## REQUIRED ACTION
Retype, exactly as they stand, the lines from the start of the data to the line that contains "And I feel you, feel", both ends included. Leave the pictures out.

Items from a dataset
[Start of section]

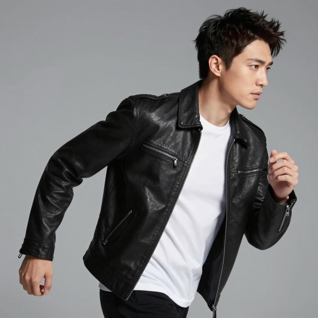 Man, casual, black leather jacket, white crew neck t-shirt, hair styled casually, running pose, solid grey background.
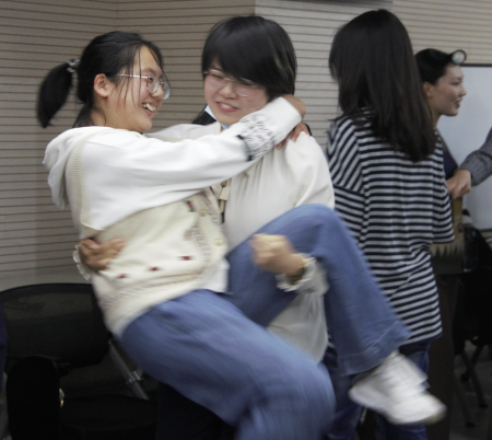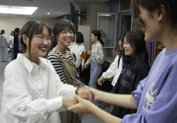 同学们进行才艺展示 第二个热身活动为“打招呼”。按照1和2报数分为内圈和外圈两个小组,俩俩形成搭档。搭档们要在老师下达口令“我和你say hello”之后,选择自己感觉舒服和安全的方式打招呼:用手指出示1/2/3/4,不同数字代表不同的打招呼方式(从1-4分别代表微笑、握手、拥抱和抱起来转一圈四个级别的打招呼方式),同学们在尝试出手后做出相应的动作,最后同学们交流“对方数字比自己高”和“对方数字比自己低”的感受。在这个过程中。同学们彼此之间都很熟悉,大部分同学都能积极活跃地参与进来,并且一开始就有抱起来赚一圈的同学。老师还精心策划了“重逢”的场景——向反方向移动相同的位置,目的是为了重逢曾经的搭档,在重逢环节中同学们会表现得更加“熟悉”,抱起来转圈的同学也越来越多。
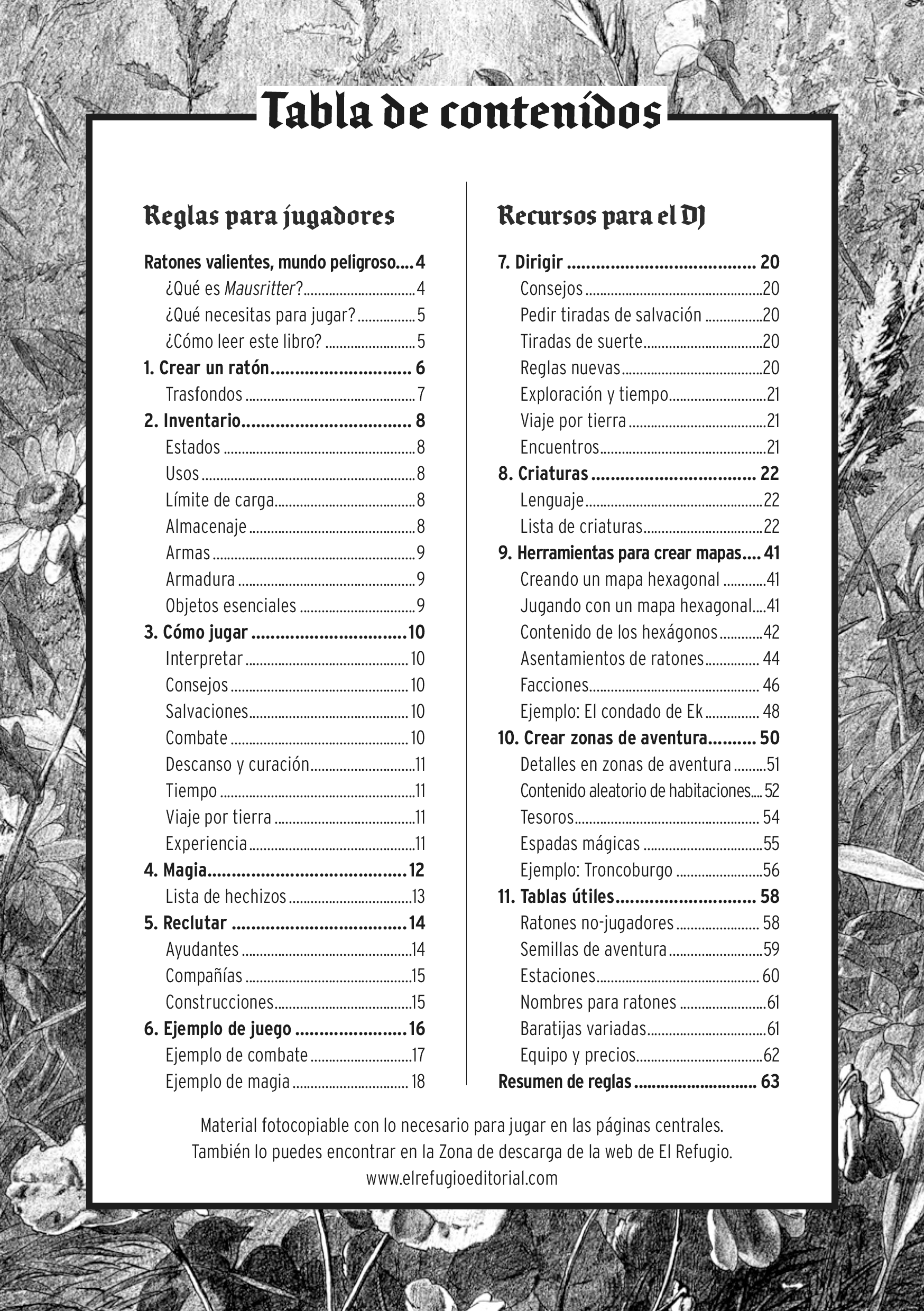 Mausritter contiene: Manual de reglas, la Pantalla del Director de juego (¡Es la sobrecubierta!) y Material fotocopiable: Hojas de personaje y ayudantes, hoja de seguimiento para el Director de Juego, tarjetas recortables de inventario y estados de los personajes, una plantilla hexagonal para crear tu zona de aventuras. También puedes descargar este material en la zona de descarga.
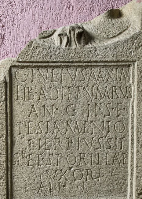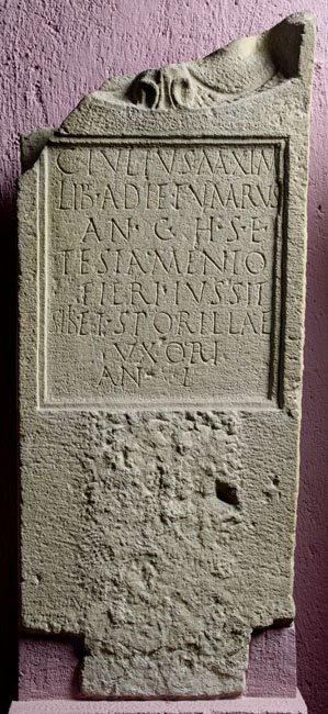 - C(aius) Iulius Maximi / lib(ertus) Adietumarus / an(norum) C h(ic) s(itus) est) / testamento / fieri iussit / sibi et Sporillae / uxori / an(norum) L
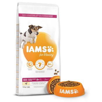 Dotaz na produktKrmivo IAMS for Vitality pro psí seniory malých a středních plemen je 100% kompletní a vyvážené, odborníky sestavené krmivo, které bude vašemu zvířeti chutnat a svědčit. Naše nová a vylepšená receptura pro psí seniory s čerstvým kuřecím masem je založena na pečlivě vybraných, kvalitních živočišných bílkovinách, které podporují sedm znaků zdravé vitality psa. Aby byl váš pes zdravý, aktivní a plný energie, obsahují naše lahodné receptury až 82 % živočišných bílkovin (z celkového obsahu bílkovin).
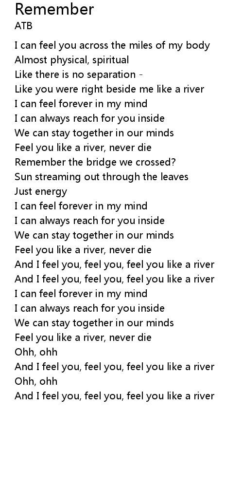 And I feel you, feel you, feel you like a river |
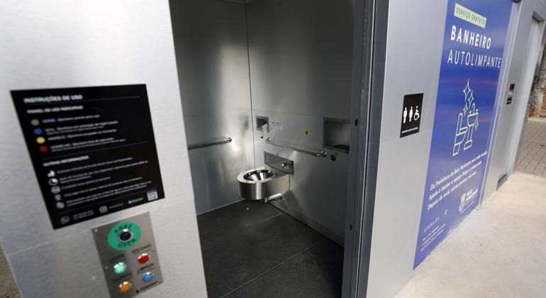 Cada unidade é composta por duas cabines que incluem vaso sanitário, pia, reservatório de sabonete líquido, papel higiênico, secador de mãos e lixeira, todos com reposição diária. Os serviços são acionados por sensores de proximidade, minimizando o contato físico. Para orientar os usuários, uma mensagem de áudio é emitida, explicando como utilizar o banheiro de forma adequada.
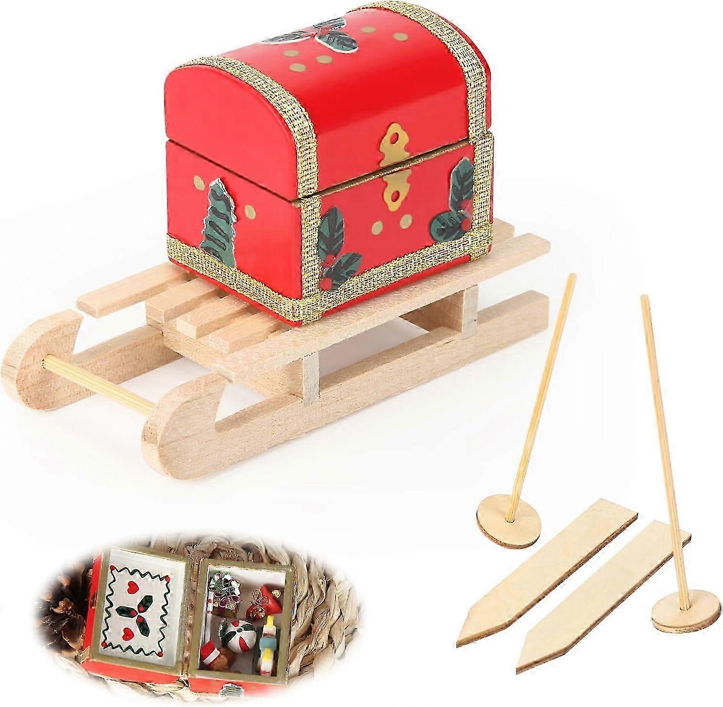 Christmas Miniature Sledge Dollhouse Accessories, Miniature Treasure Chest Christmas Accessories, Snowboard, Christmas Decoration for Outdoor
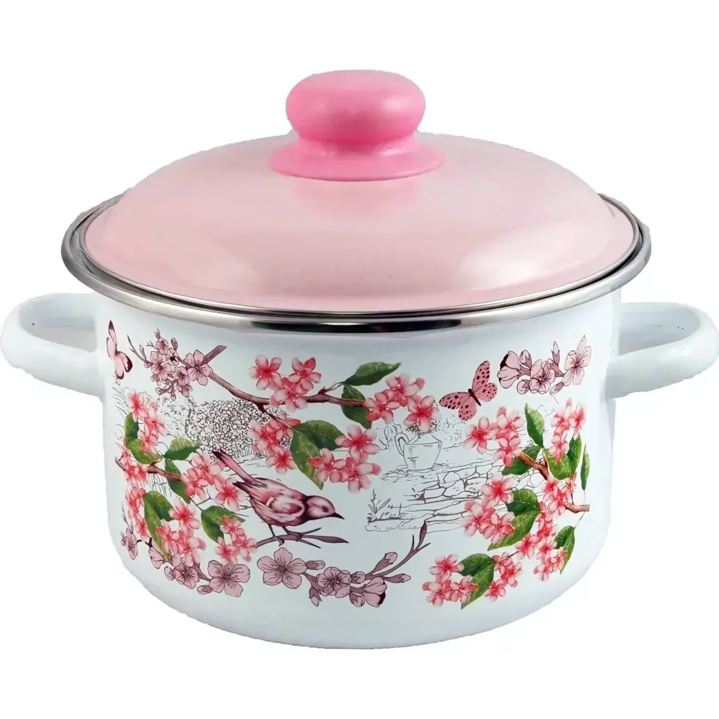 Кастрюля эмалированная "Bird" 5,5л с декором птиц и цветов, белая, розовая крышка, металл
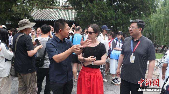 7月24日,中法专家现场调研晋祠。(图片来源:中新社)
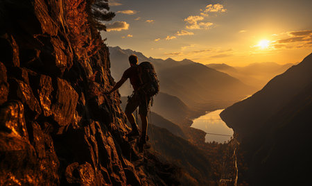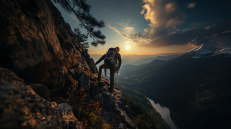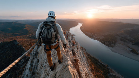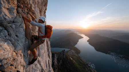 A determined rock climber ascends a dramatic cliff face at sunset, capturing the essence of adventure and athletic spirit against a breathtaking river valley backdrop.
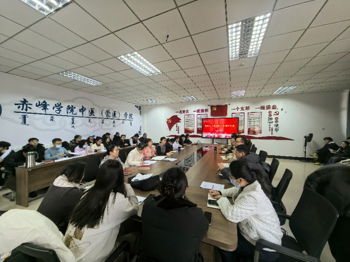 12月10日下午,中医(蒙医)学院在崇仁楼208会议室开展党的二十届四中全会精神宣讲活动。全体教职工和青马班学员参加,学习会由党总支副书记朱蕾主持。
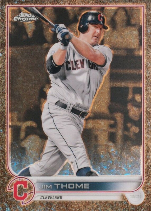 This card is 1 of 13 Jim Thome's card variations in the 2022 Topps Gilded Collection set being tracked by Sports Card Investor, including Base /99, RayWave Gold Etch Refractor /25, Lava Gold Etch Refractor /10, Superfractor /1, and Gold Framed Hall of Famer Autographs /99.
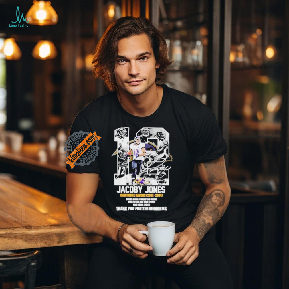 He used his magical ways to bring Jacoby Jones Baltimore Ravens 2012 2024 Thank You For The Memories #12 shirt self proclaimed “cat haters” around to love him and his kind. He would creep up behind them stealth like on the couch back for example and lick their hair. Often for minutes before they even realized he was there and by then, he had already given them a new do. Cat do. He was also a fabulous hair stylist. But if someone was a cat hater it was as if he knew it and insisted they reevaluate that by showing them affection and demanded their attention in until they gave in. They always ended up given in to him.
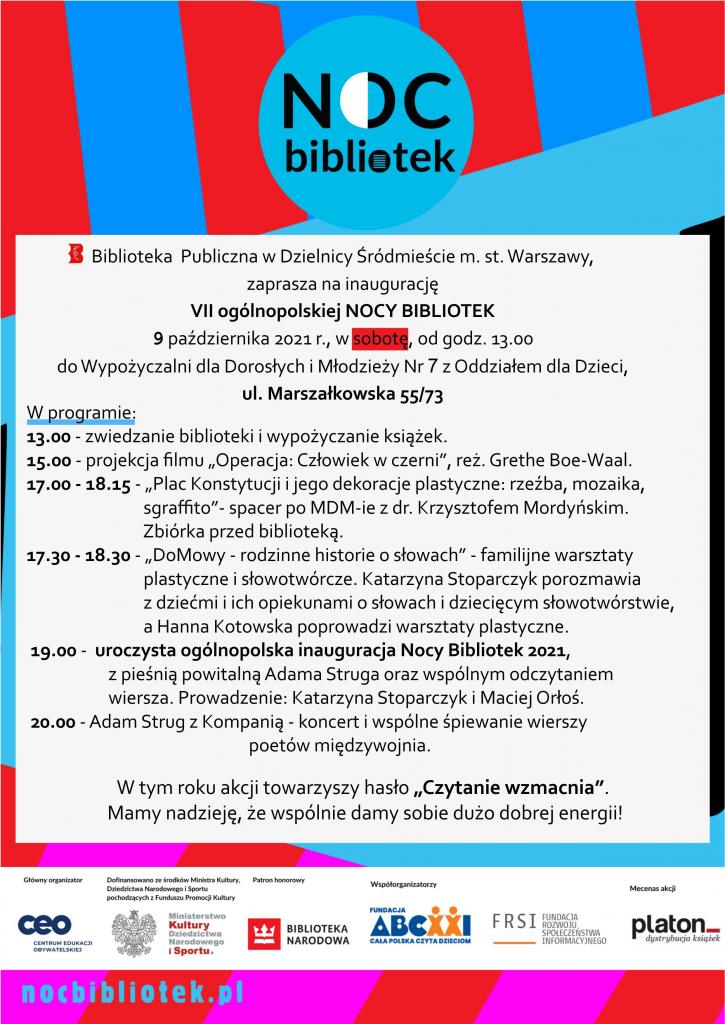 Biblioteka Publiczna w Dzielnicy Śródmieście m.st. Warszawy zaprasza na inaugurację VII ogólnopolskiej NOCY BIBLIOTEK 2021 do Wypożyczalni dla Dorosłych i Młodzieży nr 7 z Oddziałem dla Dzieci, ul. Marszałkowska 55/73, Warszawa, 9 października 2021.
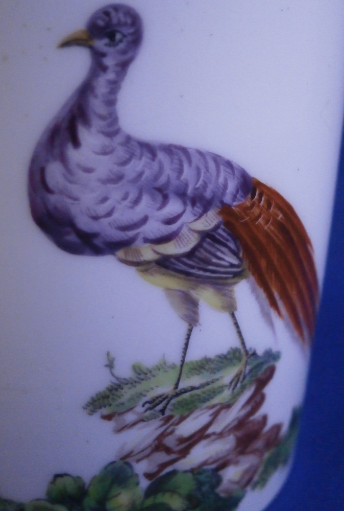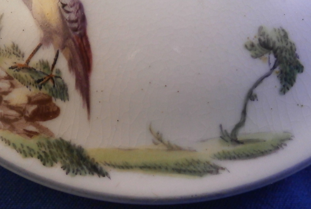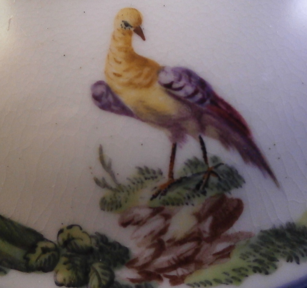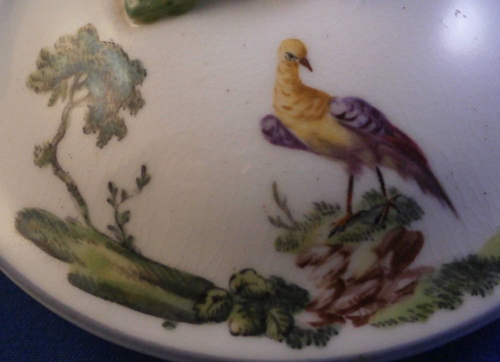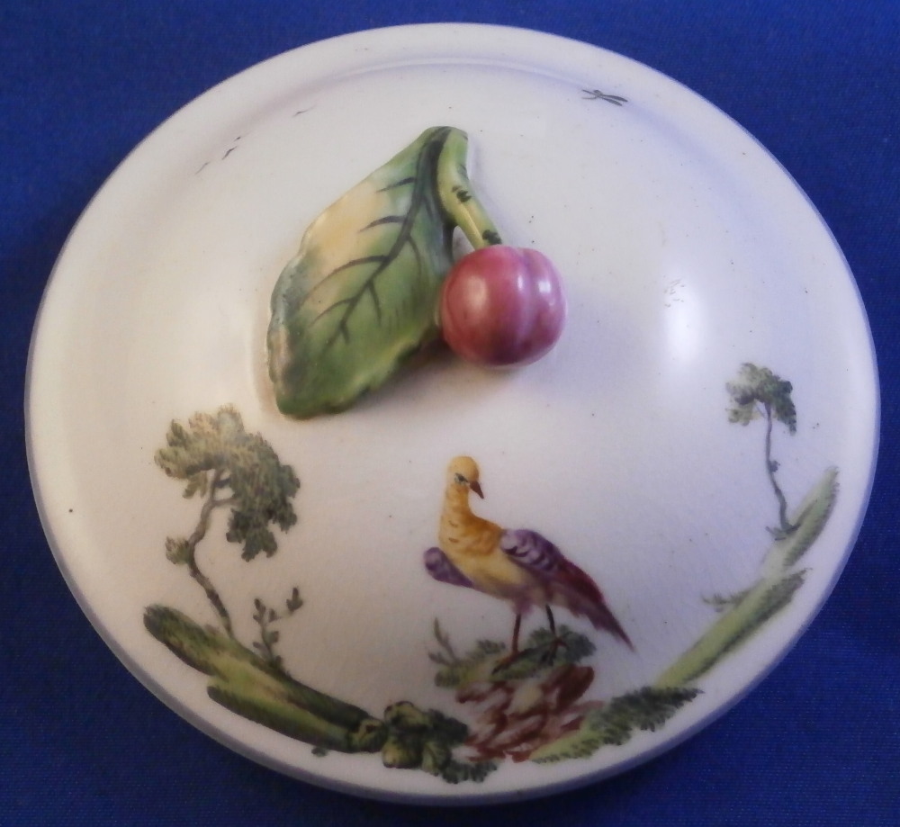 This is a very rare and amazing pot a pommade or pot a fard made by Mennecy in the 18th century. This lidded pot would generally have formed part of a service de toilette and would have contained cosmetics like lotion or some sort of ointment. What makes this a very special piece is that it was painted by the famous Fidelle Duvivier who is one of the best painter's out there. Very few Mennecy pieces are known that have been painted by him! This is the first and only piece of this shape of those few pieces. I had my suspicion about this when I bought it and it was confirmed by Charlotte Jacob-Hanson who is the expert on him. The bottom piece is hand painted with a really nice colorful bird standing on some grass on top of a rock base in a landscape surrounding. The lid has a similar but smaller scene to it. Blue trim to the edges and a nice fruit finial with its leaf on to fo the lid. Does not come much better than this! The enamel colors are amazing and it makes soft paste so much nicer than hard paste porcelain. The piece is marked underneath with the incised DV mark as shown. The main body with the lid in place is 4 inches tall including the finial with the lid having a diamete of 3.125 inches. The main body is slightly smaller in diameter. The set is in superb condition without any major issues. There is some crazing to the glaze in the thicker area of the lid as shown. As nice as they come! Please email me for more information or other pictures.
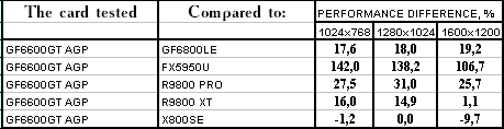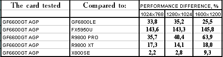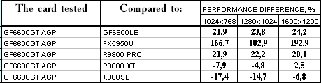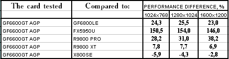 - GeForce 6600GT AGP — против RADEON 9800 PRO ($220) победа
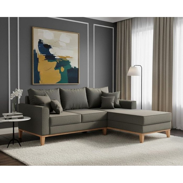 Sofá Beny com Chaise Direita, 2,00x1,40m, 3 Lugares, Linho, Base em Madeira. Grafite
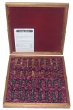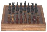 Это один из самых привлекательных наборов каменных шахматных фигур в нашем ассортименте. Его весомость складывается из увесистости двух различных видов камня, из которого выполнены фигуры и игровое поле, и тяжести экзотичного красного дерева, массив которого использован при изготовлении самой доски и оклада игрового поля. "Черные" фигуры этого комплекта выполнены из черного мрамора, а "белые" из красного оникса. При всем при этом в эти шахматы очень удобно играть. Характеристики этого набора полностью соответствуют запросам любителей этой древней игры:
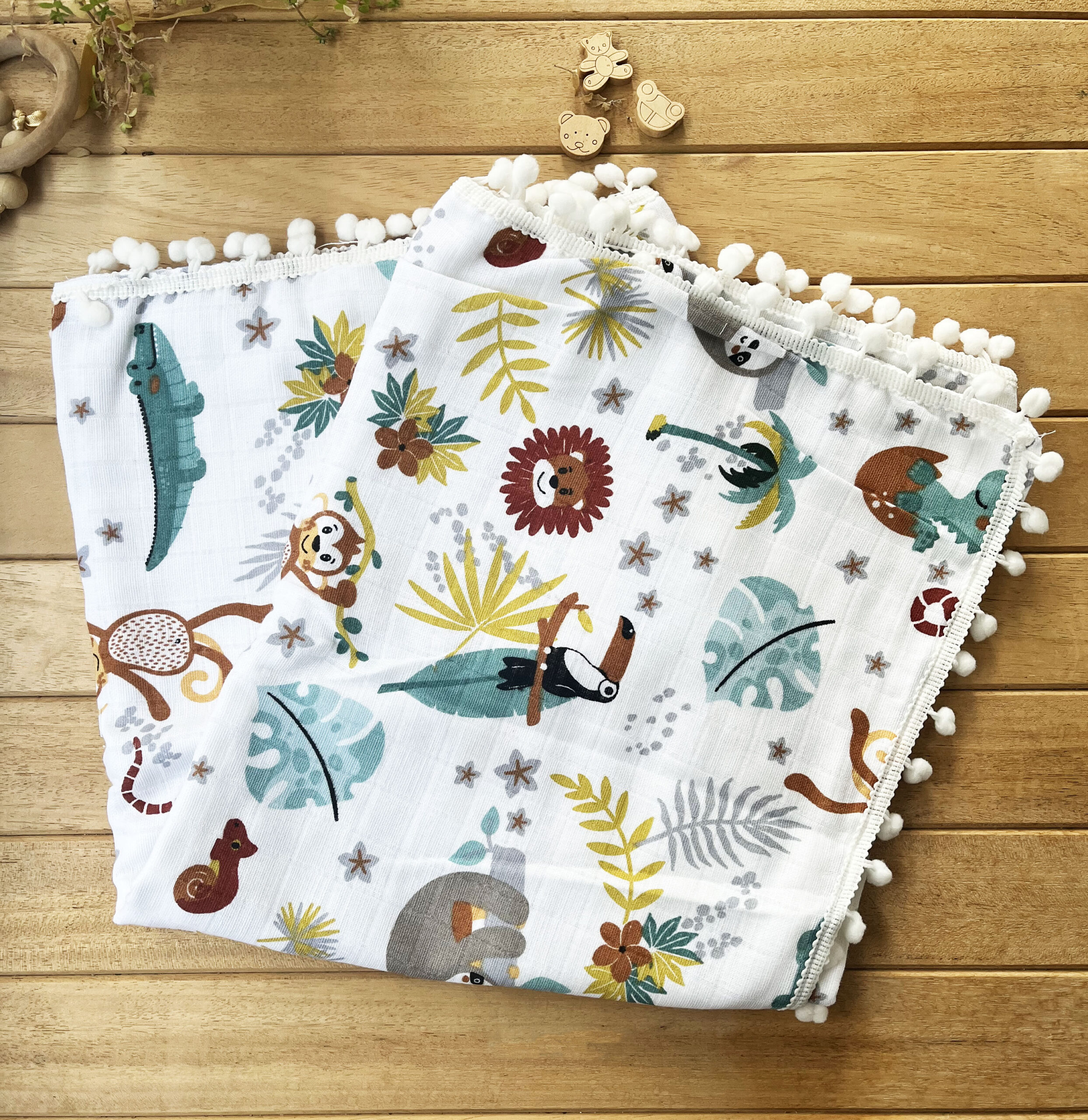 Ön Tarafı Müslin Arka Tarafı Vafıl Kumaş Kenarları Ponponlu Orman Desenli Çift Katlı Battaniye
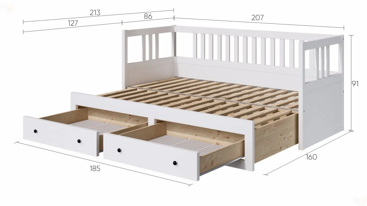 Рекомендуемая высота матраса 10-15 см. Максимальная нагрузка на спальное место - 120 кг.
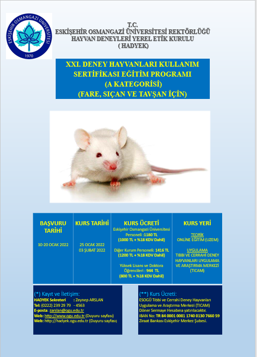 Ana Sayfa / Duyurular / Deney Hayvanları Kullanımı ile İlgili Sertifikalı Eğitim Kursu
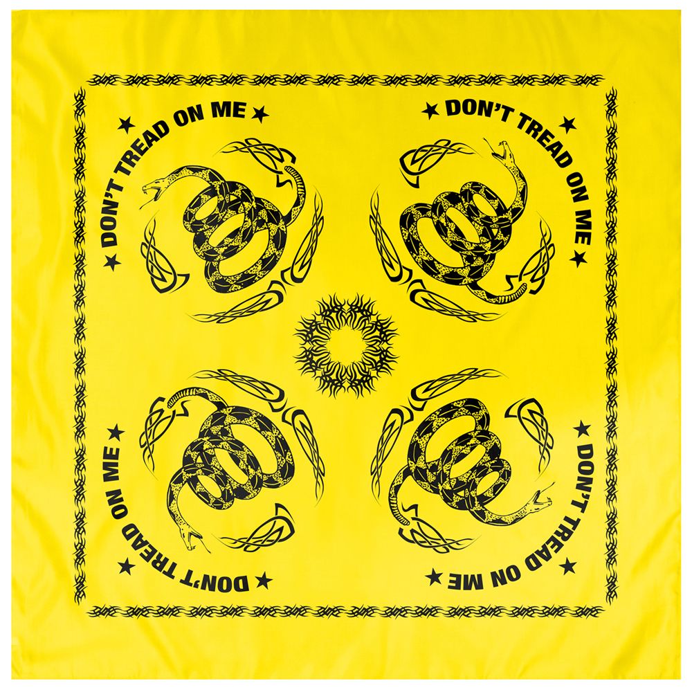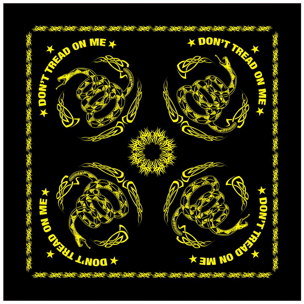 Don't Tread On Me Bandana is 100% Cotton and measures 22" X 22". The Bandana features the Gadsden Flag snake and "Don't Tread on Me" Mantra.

[End of section]

## RESULT OF THE TASK
 Man, casual, black leather jacket, white crew neck t-shirt, hair styled casually, running pose, solid grey background.
 同学们进行才艺展示 第二个热身活动为“打招呼”。按照1和2报数分为内圈和外圈两个小组,俩俩形成搭档。搭档们要在老师下达口令“我和你say hello”之后,选择自己感觉舒服和安全的方式打招呼:用手指出示1/2/3/4,不同数字代表不同的打招呼方式(从1-4分别代表微笑、握手、拥抱和抱起来转一圈四个级别的打招呼方式),同学们在尝试出手后做出相应的动作,最后同学们交流“对方数字比自己高”和“对方数字比自己低”的感受。在这个过程中。同学们彼此之间都很熟悉,大部分同学都能积极活跃地参与进来,并且一开始就有抱起来赚一圈的同学。老师还精心策划了“重逢”的场景——向反方向移动相同的位置,目的是为了重逢曾经的搭档,在重逢环节中同学们会表现得更加“熟悉”,抱起来转圈的同学也越来越多。
 Mausritter contiene: Manual de reglas, la Pantalla del Director de juego (¡Es la sobrecubierta!) y Material fotocopiable: Hojas de personaje y ayudantes, hoja de seguimiento para el Director de Juego, tarjetas recortables de inventario y estados de los personajes, una plantilla hexagonal para crear tu zona de aventuras. También puedes descargar este material en la zona de descarga.
 - C(aius) Iulius Maximi / lib(ertus) Adietumarus / an(norum) C h(ic) s(itus) est) / testamento / fieri iussit / sibi et Sporillae / uxori / an(norum) L
 Dotaz na produktKrmivo IAMS for Vitality pro psí seniory malých a středních plemen je 100% kompletní a vyvážené, odborníky sestavené krmivo, které bude vašemu zvířeti chutnat a svědčit. Naše nová a vylepšená receptura pro psí seniory s čerstvým kuřecím masem je založena na pečlivě vybraných, kvalitních živočišných bílkovinách, které podporují sedm znaků zdravé vitality psa. Aby byl váš pes zdravý, aktivní a plný energie, obsahují naše lahodné receptury až 82 % živočišných bílkovin (z celkového obsahu bílkovin).
 And I feel you, feel you, feel you like a river |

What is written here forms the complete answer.